◆ Work instruction: Images should be omitted while the rest of the data is duplicated exactly.

◆ Information provided:
────────────────────

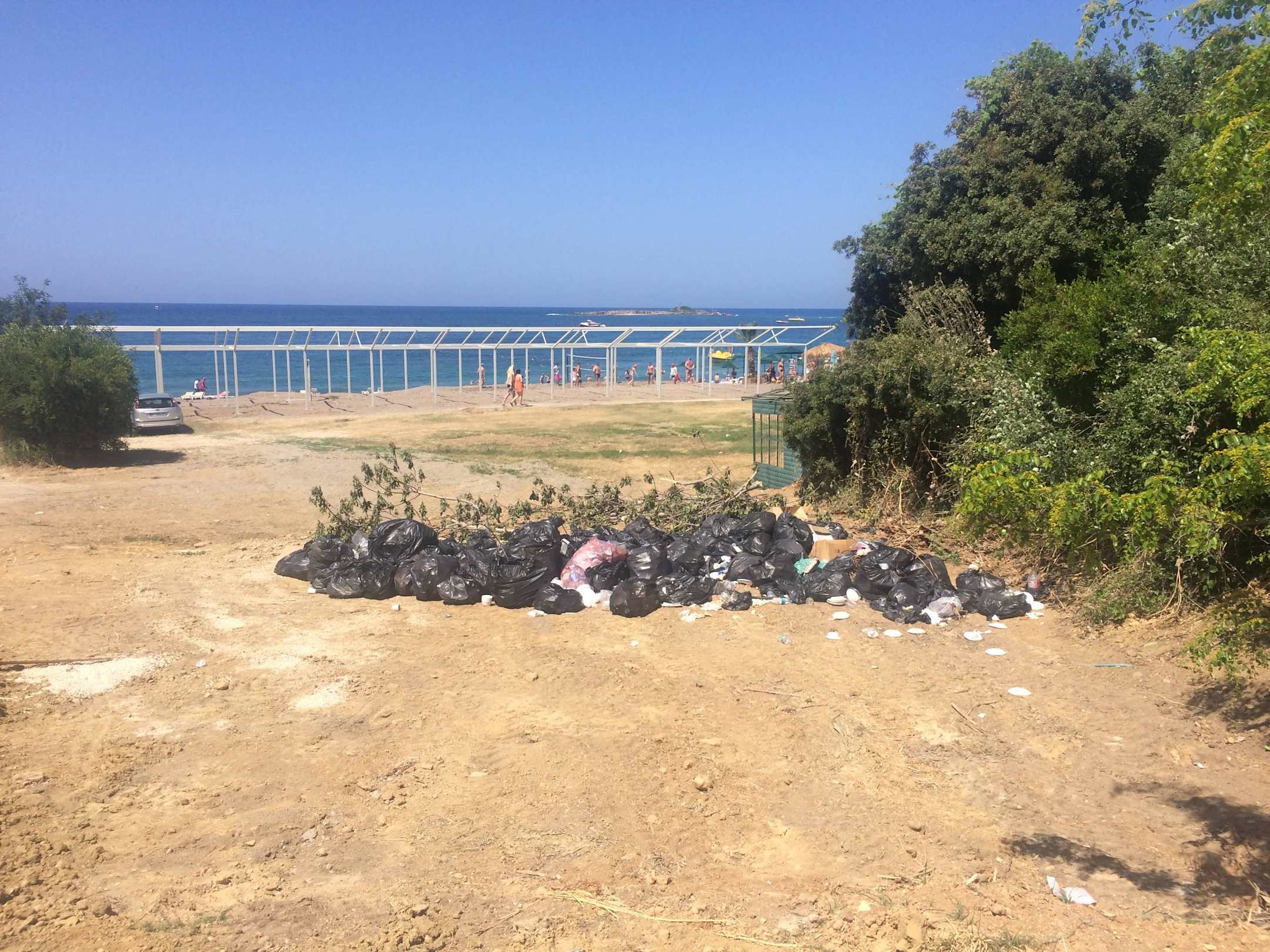 Neben dem Hotel Strand Mülltüten
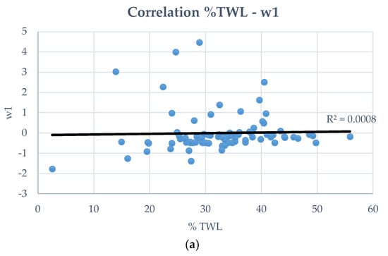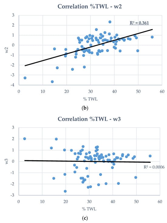 The representation of the patient values (w1, w2, w3) in the low-dimensional space versus the postoperative %TWL of each patient was also analyzed. The variable w2 was useful for binary classification. Furthermore, as mentioned above, the directions w1, w2, and w3 are uncorrelated and capture the main sources of variability in the data. Therefore, if w2 is at least partially correlated with %TWL, w1 and w3 will capture some other variability of data from unknown sources not correlated with %TWL.
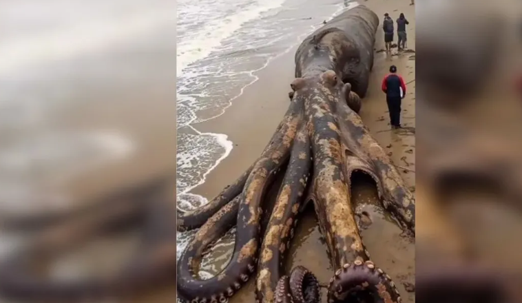 وتظهر الصورة أخطبوطا عملاقا بأطراف طويلة تمتد لعدة أمتار، فيما كان بعض الأشخاص حوله يبدون صغارا، ربما للتحقق منه أو التقاط صور.

────────────────────

◆ Response to this task:
 Neben dem Hotel Strand Mülltüten
 The representation of the patient values (w1, w2, w3) in the low-dimensional space versus the postoperative %TWL of each patient was also analyzed. The variable w2 was useful for binary classification. Furthermore, as mentioned above, the directions w1, w2, and w3 are uncorrelated and capture the main sources of variability in the data. Therefore, if w2 is at least partially correlated with %TWL, w1 and w3 will capture some other variability of data from unknown sources not correlated with %TWL.
 وتظهر الصورة أخطبوطا عملاقا بأطراف طويلة تمتد لعدة أمتار، فيما كان بعض الأشخاص حوله يبدون صغارا، ربما للتحقق منه أو التقاط صور.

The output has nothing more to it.